- Arms of Tollemache: Argent, a fret sable
- Successor: Sir Lionel Tollemache, 2nd Baronet
- Born: 1562 England
- Baptised: 14 December 1562 Helmingham, England
- Died: 1612 (aged 49–50)
- Buried: St. Mary's Church, Helmingham, Suffolk 52°10′25″N 1°12′09″E﻿ / ﻿52.1735°N 1.2024°E
- Noble family: Tollemache
- Spouse: Catherine Cromwell ​(m. 1581)​
- Issue: Sir Lionel Tollemache, 2nd Baronet; Robert Tollemache; Edward Tollemache; Susan Tollemache; Mary Tollemache; Katherine Tollemache; Anne Tollemache;
- Father: Lionel Tollemache
- Mother: Susanna Jermyn

= Sir Lionel Tollemache, 1st Baronet =

Sir Lionel Tollemache, 1st Baronet (1562 – 1612), the son of Lionel Tollemache of Helmingham, Suffolk and Susanna Jermyn, served twice as Sheriff of Suffolk, in 1593 and 1609, and was knighted in 1612.

==Biography==
He was the only son and heir of Lionel Tollemache (1545 – 11 Dec 1575) of Helmingham, and Susanna, daughter of Sir Ambrose Jermyn of Rushbrooke in Suffolk. He was baptised on 14 December 1562 at Helmingham.

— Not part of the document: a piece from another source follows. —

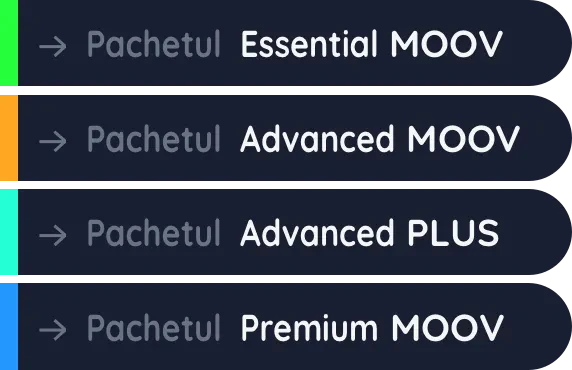 Pachetele de servicii MOOV sunt flexibile și includ doar acele lucruri de care ai nevoie. În prezent vă punem la dispoziție 4 pachete din care puteți alege: Essential MOOV Advanced MOOV Advanced Plus Premium MOOV.

He was Sheriff of Suffolk in 1593, again in 1609, and was amongst the first batch of baronets created on the institution of the order by James I in 1611. On 22 May 1611 he was created a baronet of Helmingham, and was subsequently knighted at the Palace of Whitehall on 24 May 1612.

==Marriage and children==
On 10 February 1581 at North Elmham, he married Catherine (d.1621), daughter of Henry Cromwell, 2nd Baron Cromwell and Mary, daughter of John Paulet, 2nd Marquess of Winchester, by whom he had several children, including:
- Sir Lionel Tollemache, 2nd Baronet (1591–1640), son and heir.
- Robert Tollemache (born 1592) married Dorothy, daughter of John Lane in Staffordshire.
- Edward Tollemache (baptised 20 June 1596)
- Susan Tollemache married Sir Henry Doily of Shottisham.
- Mary Tollemache
- Katherine Tollemache
- Anne Tollemache, married Robert Gosnold (V)

==Death==
He died in 1612 and was buried at Helmingham, "his effigy, in richly gilt armour, being placed by itself on the great tomb in the church there".
 Above the kneeling figure of Sir Lionel are the Tollemache arms, with the arms of Cromwell, and beneath the lines:
Here with his Fathers sleeps Sr Lyonell
Knight Barronet all Honors worthy well
So well ye acts of all his life exprest
His elders vertues and excel'd their beste
His prudent bearing in his publique place
Suff. high Shireve twice in 16 yeeres space.
His Zeale to God and towards ill seventie
His temperance his Justice his sinceritie
His native mildnesse towards great and small
His Faith and Love to Frends wife children all
In life and death made him belov'd and deere

To God and men. Happy in heaven and heere.
Happy in soule in body goods and name
Happy in wedlock with a noble Dame
Lord Cromwells Daughter happie in his heire
Whose spring of vertues sprouts so yong, so faire
Whos deere affection to his Founders' debtor
Built them this toomb, but in his hart a better.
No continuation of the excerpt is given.